There's been one topic in the news in recent weeks that I've wanted to bring up in this column; the phenomenon of a rapist marrying his victim in order to get away with his crime.
Now is an appropriate time because there's a movement to have the law allowing this changed here in Bahrain, but from what I've been able to gather it's a pretty regular practice in this part of the world and as a Westerner looking in, it's hard not to be shocked and appalled that such a thing could ever be entertained, let alone allowed.
But, I guess, as with all things, there are different ways to look at it and while I can't ever say I would find an argument to make it OK - enough for me to ever agree such a thing is right - I can see how, in some ways, the practice was born out of a sense of doing right by the victim.
My every instinct on the matter is to proclaim it a backward and ridiculous law I can barely believe is real. Why would the law want to turn a woman over to the one person that has done her the most harm? And, how does marrying her make what happened any less damaging?
The damage inflicted as a result of rape isn't simply about reputation - it's nothing compared to the fear and emotional after effects - and it's an insult to all women around the world to make it acceptable and forgivable just because the man responsible then agrees to marry her.
The very fact that he raped her in the first place shows that he has no respect for women in general, let alone his victim specifically, and that he should be allowed a 'get out of jail free' card is an insult to women everywhere but, with that said, not everything is as clear - cut as it should be.
A YouGov Siraj's lifestyle poll, collected from an Omnibus survey conducted last December found that the majority of women in the UAE said that they would not even report being raped to the police, with 55 per cent of them saying that they would be discouraged by the thought of their, or their family's reputation being soiled.
And, 49 per cent even admitted that they would fear being unjustly accused of immoral behaviour - such was the fate, in one extreme example, of a 13-year-old Muslim girl rape victim from Somalia stoned to death for 'adultery'.
As sad as it is that these thoughts are even out there, it's a reality in this part of the world, and if I'm honest, probably even in some cases in the Western world, where we claim to be more enlightened about these sorts of things.

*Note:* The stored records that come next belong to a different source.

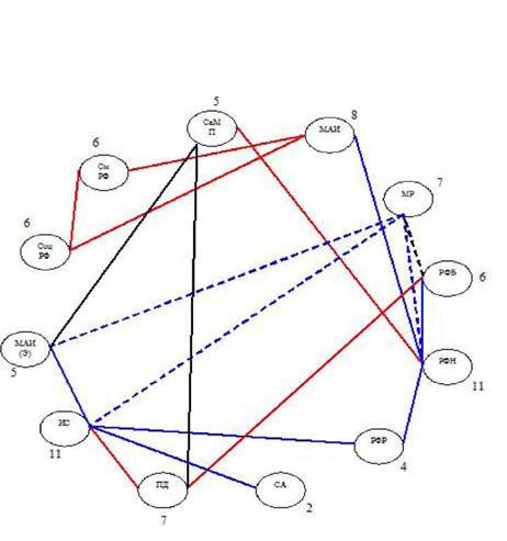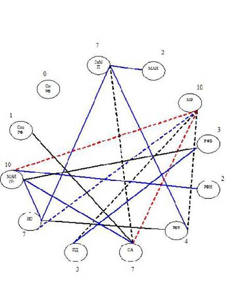 Рис. 3. Структурограмма для III группы испытуемых (средний уровень обучаемости). Обозначения те же, что на рис. 2.
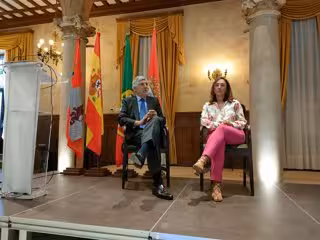 La consejera de Movilidad y Transformación Digital, María González Corral (d), antes de su participación en la clausura de la presentación en el Palacio de Figueroa de Salamanca - EUROPA PRESS
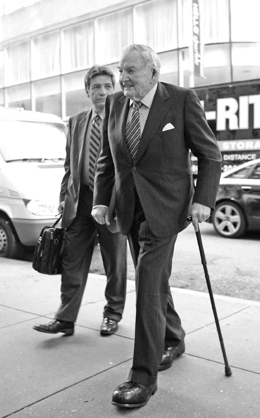 MOMA已经提前为戴维·洛克菲勒举行生日聚会,戴维·洛克菲勒当天穿着一身黑色西装,借助助行器出席活动。尽管鲜在公开场合露面,戴维·洛克菲勒看起来仍很活泼。
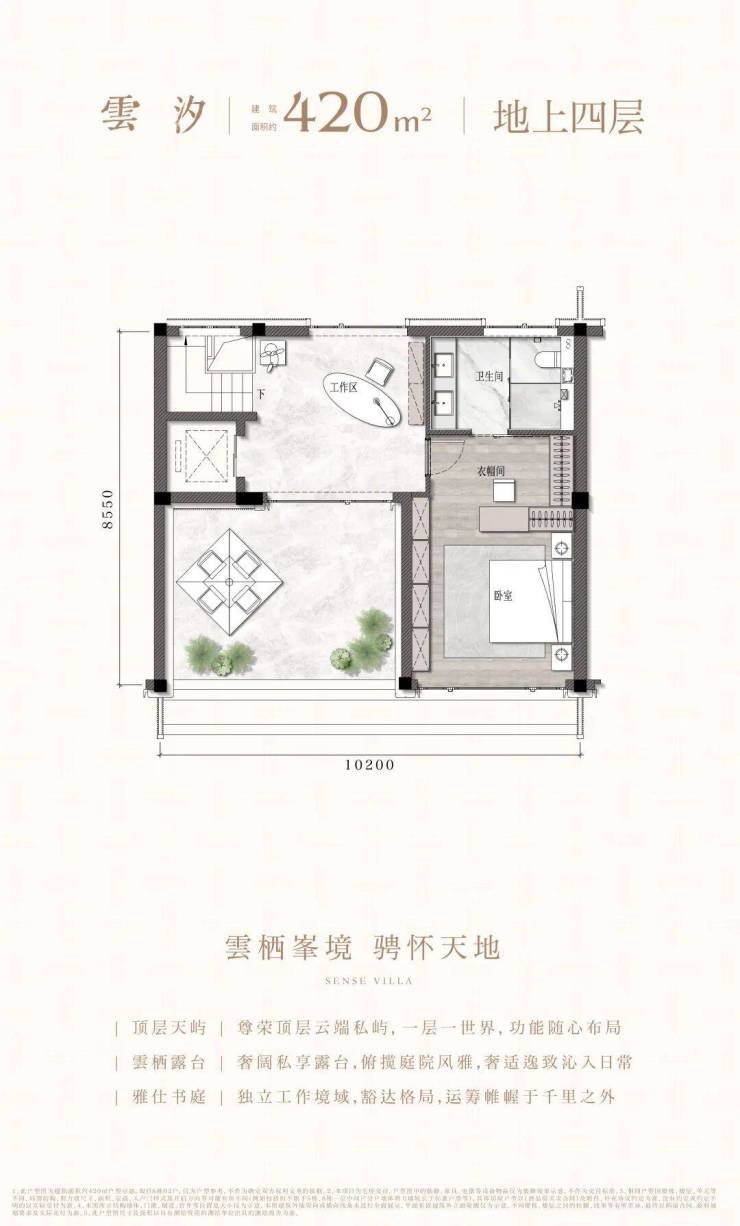叠墅纵向空间上,功能立体分层、动静分离,上下叠皆拥有独立庭院,且下叠地面首层挑高至约3.55米,中上叠会客层亦挑高至约3.45米,全系户型皆奢享挑高约7.2米居下空间。
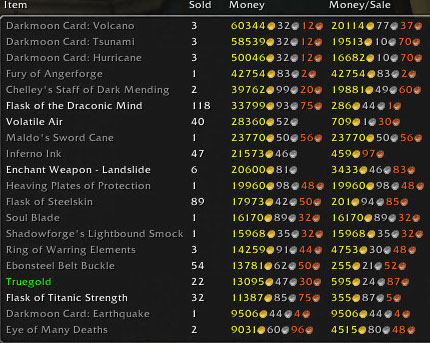 One thing that floored me right away was the Volatile Air. Obviously MySales does not differentiate stack sizes as it states I only sold “40” when I have basically been selling 13-16 Air stacks * 40, but damn. Hope you guys have been doing your daily transmute in Uldum on a regular basis! The Inferno Ink was another head-scratcher up until I realized that my average Volcano sale was 20,000g when that card has been below 10k for months now – in the heady days of the new expansion, I must have been pushing inks out like crazy. Oh, wait… I was. Finally, I am happy to see that the Maelstrom Gambit so far has been paying out some healthy dividends.
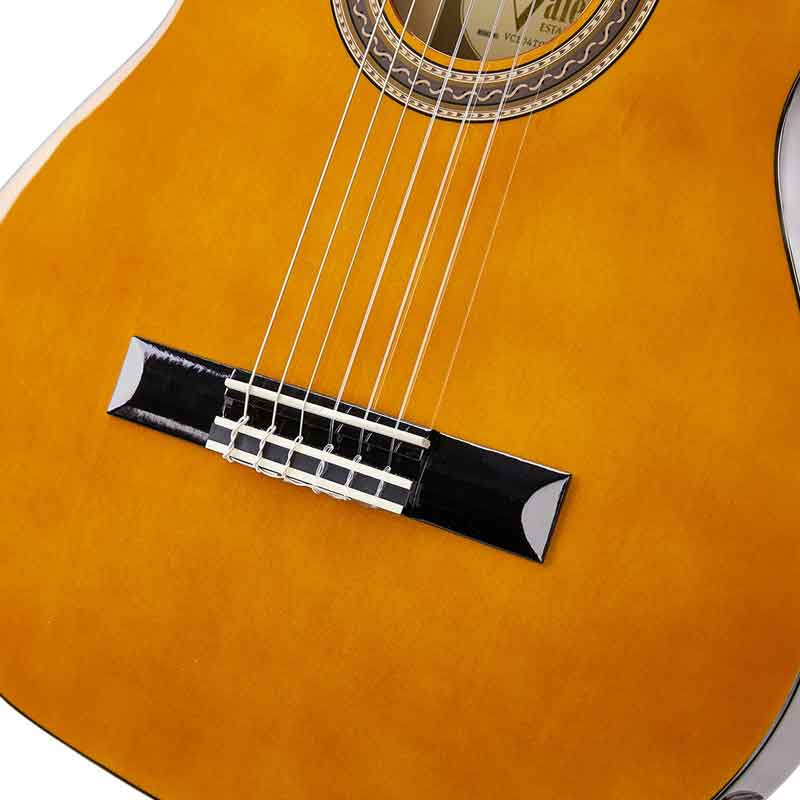 Полноразмерная классическая гитара, идеально подходит для музыкантов, только начинающих знакомиться с миром музыки и нуждающихся в надежном, функциональном инструменте.
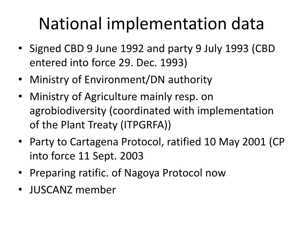 National implementation data • Signed CBD 9 June 1992 and party 9 July 1993 (CBD entered into force 29. Dec. 1993) • Ministry of Environment/DN authority • Ministry of Agriculture mainly resp. on agrobiodiversity (coordinated with implementation of the Plant Treaty (ITPGRFA)) • Party to Cartagena Protocol, ratified 10 May 2001 (CP into force 11 Sept. 2003 • Preparing ratific. of Nagoya Protocol now • JUSCANZ member
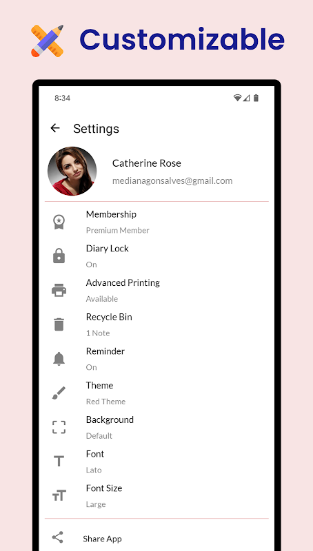 ফন্ট, ফন্টের আকার, ব্যাকগ্রাউন্ড এবং থিম সহ বিভিন্ন কাস্টমাইজেশন বিকল্পের সাথে আপনার নোটপ্যাড অ্যাপকে ব্যক্তিগতকৃত করুন। একটি ডিজিটাল ওয়ার্কস্পেস তৈরি করুন যা অনন্যভাবে আপনার।

To be stigmatised with being a rape victim is for many women here a guarantee that no man will ever want to marry them and as such I can just about see how the practice of a rapist marrying his victim first came about; as a way for the victim and the family to save face.
Does that make it right? For my part I'd have to argue that no, such a thing could never be made right, but I was brought up in an atmosphere that would never condone such a thing, but who am I to say how I would feel about the matter had I been brought up with the much more traditional values prevalent in this part of the world?